AB - Background: To date, 102 genes have been reported as responsible for non-syndromic hearing loss, some of which are associated with specific audiogram features. Four genes have been reported as causative for mid-frequency sensorineural hearing loss (MFSNHL), among which TECTA is the most frequently reported; however, the prevalence of TECTA mutations is unknown. To elucidate the prevalence of TECTA mutation in MFSNHL and clarify genotype-phenotype correlations, we analyzed the genetic and clinical features of patients with MFSNHL. Methods: Subjects with bilateral non-syndromic hearing loss were prescreened for GJB2 and m.1555A > G and m.3243A > G mitochondrial DNA mutations, and patients with inner ear malformations were excluded. We selected MFSNHL patients whose audiograms met the U-shaped criterion proposed by the GENDEAF study group, along with those with shallow U-shaped audiograms, for TECTA analysis. All TECTA exons were analyzed by Sanger sequencing. Novel missense variants were classified as possibly pathogenic, non-pathogenic, and variants of uncertain significance, based on genetic data. To evaluate novel possibly pathogenic variants, we predicted changes in protein structure by molecular modeling. Results: Pathogenic and possibly pathogenic variants of TECTA were found in 4 (6.0%) of 67 patients with MFSNHL. In patients with U-shaped audiograms, none (0%) of 21 had pathogenic or possibly pathogenic variants. In patients with shallow U-shaped audiograms, four (8.7%) of 46 had pathogenic or possibly pathogenic variants.
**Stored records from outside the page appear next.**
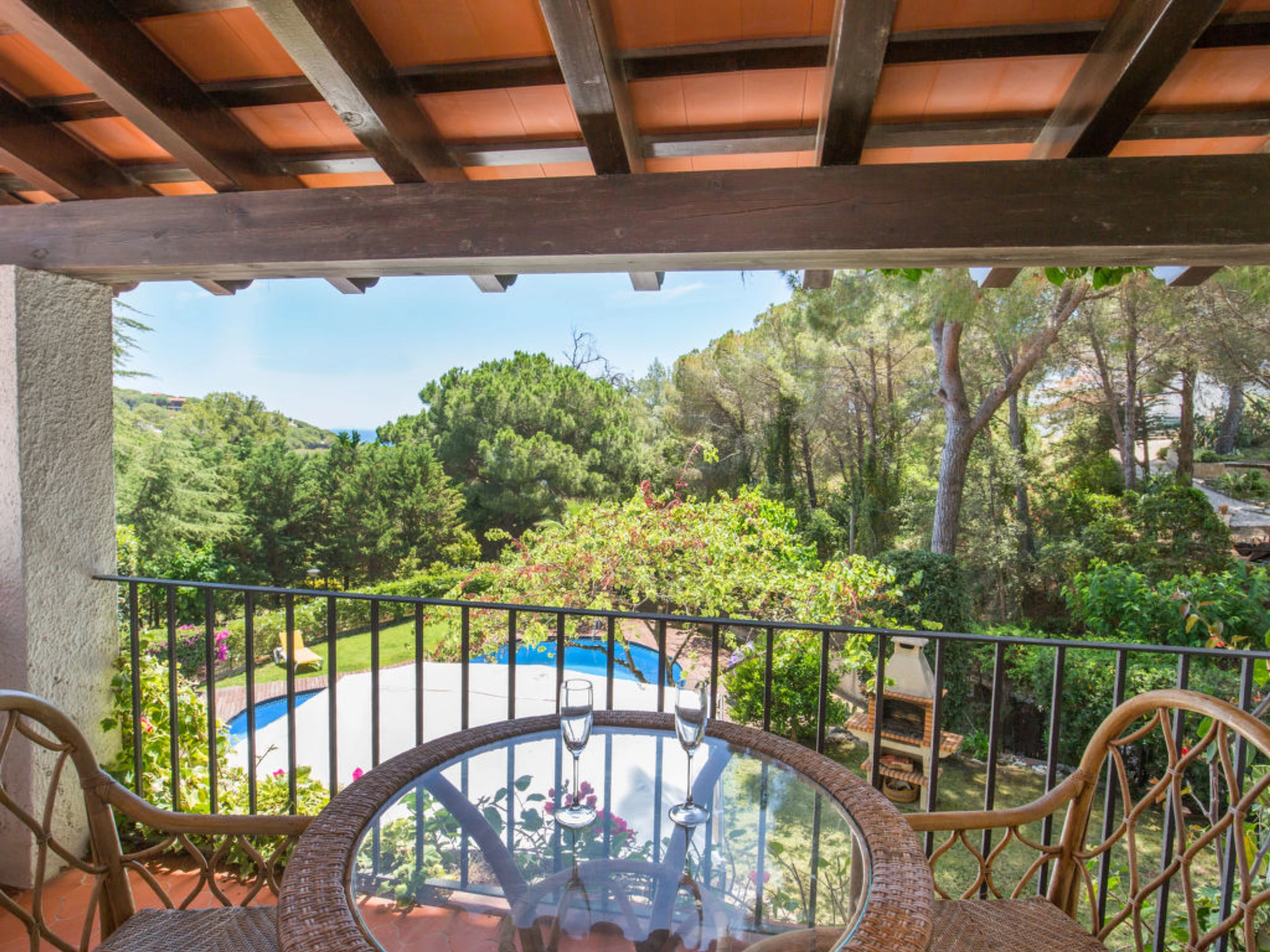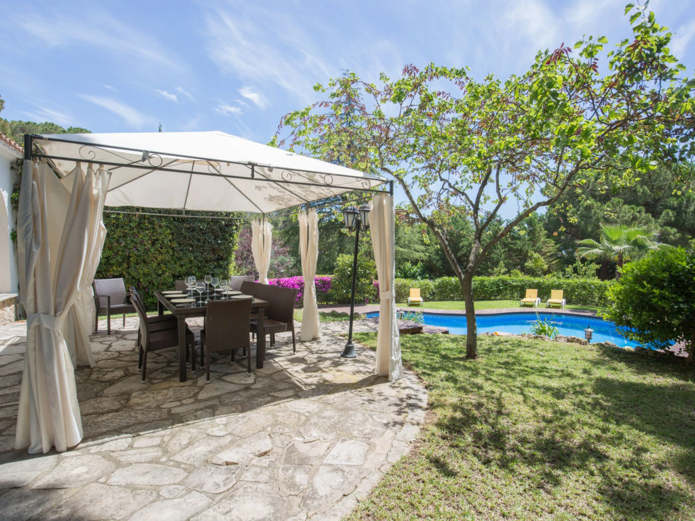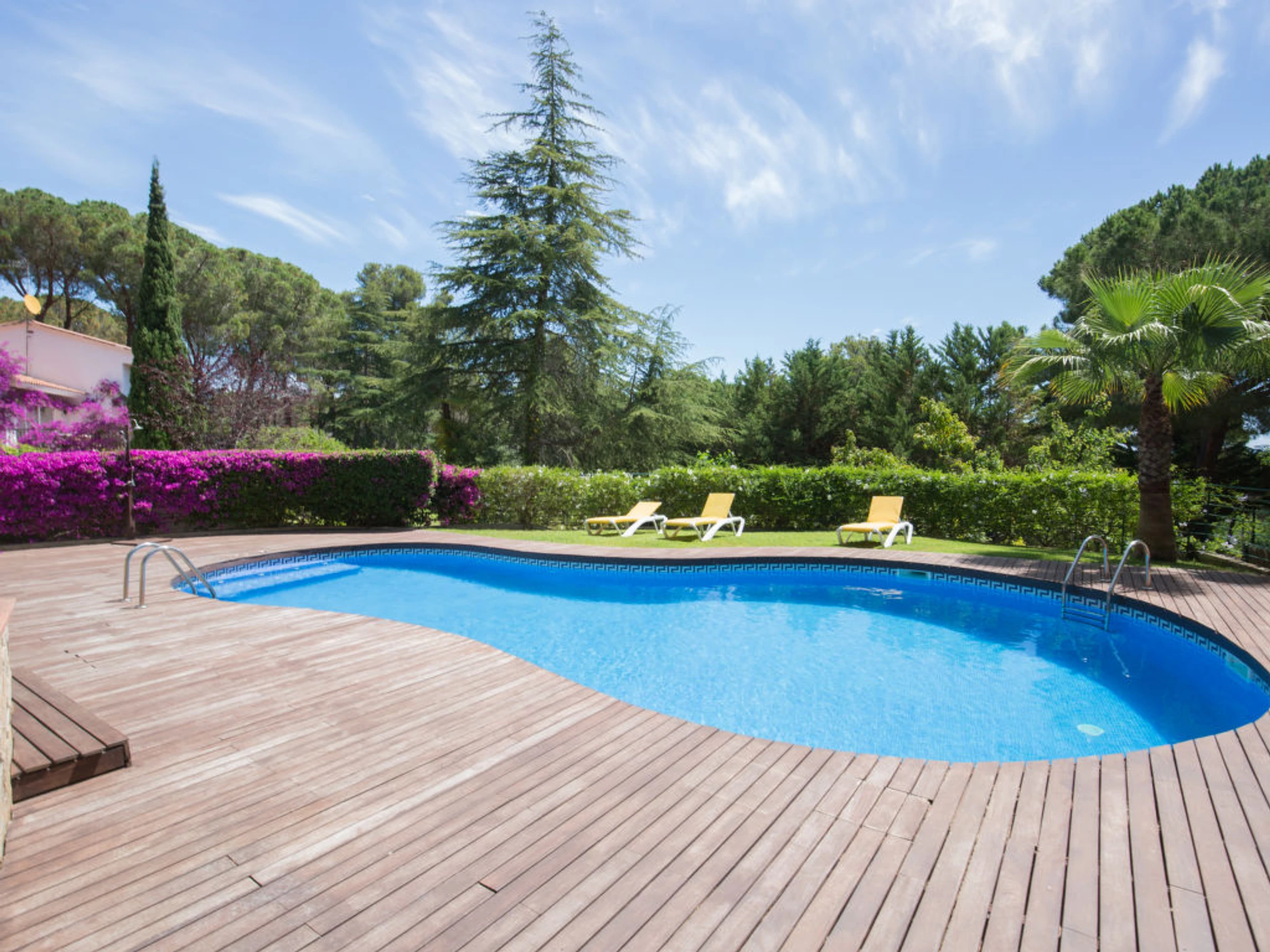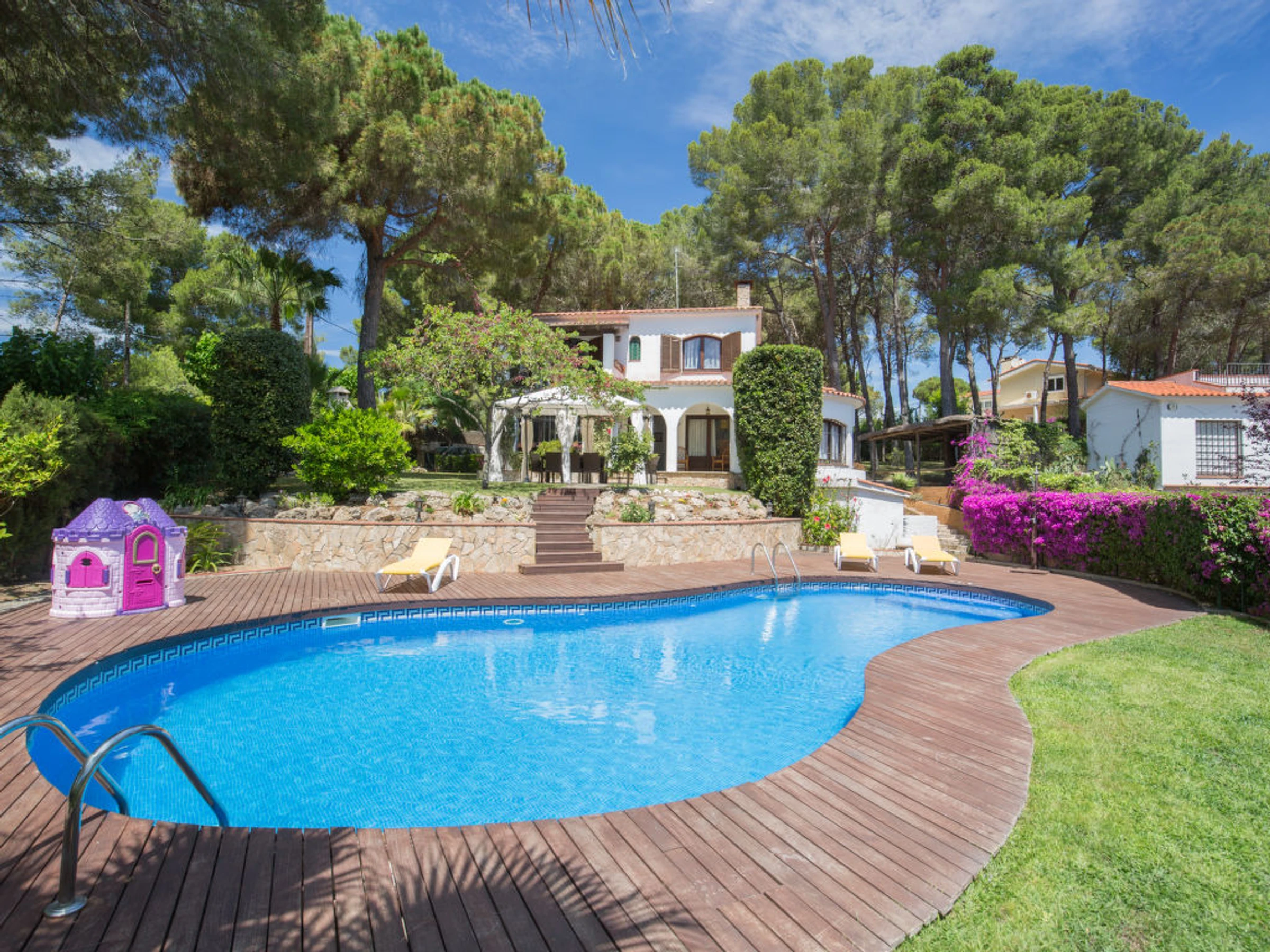 Villa "Palangre", muy bonita, lujosa de 3 plantas. En la localidad, a 500 m del centro de Lloret de Mar, lugar soleado, a 150 m del mar, a 150 m de la playa. Privado: terreno en estado natural 250 m2, jardín natural, bonito jardín para relajarse, piscina en forma de riñon (9 x 5 m,[hidden].) con escalera interior. Ducha/WC en zona de piscina, tobogán, barbacoa, parque infantil (tobogán, columpio), garaje individual junto a la casa posibilidad de aparcamiento en la calle. Tienda 500 m, supermercado 2 km, restaurante, panadería 500 m. Puerto deportivo 2 km, campo de golf (18 hoyos) 8 km, minigolf 2 km. Atracciones en los alrededores: Waterworld Lloret de mar 6 km, Pueblo medieval de tossa de mar 9 km, Marinland blanes 12 km. A tener en cuenta: coche indispensable. Adecuado para familias. Grupos de jóvenes sólo bajo petición. Residencia con vigilancia.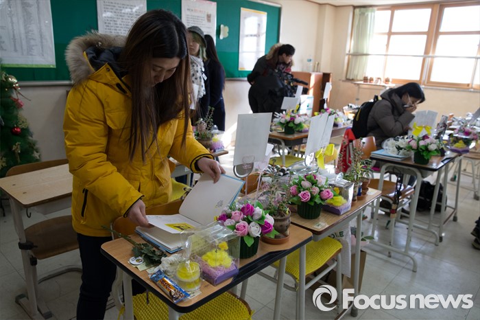 (안산=포커스뉴스) 단원고 생존 학생들의 졸업식이 열린 12일 오후 경기도 안산시 단원고등학교에서 유가족과 시민들이 교실을 둘러보고 있다.
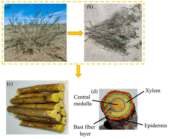 Growth status of Caragana korshinskii Kom. branches and samples: (a) Caragana korshinskii Kom. growth status; (b) samples collected; (c) truncated specimen; (d) end surface after drying.

Two novel possibly pathogenic variants were identified and two previously reported mutations were considered as variant of unknown significance. The clinical features of patients with pathogenic and possibly pathogenic variants were consistent with those in previous studies. Pathogenic or possibly pathogenic variants were identified in 3 of 23 families (13.0%) which have the family histories compatible with autosomal dominant and 1 of 44 families (2.3%) which have the family histories compatible with sporadic or autosomal recessive. Conclusions: TECTA mutations were identified in 6.0% of MFSNHL. These mutations were more frequent in patients with shallow U-shaped audiograms than those with U-shaped audiograms, and in families which have the family histories compatible with autosomal dominant than those with the family histories compatible with sporadic or autosomal recessive.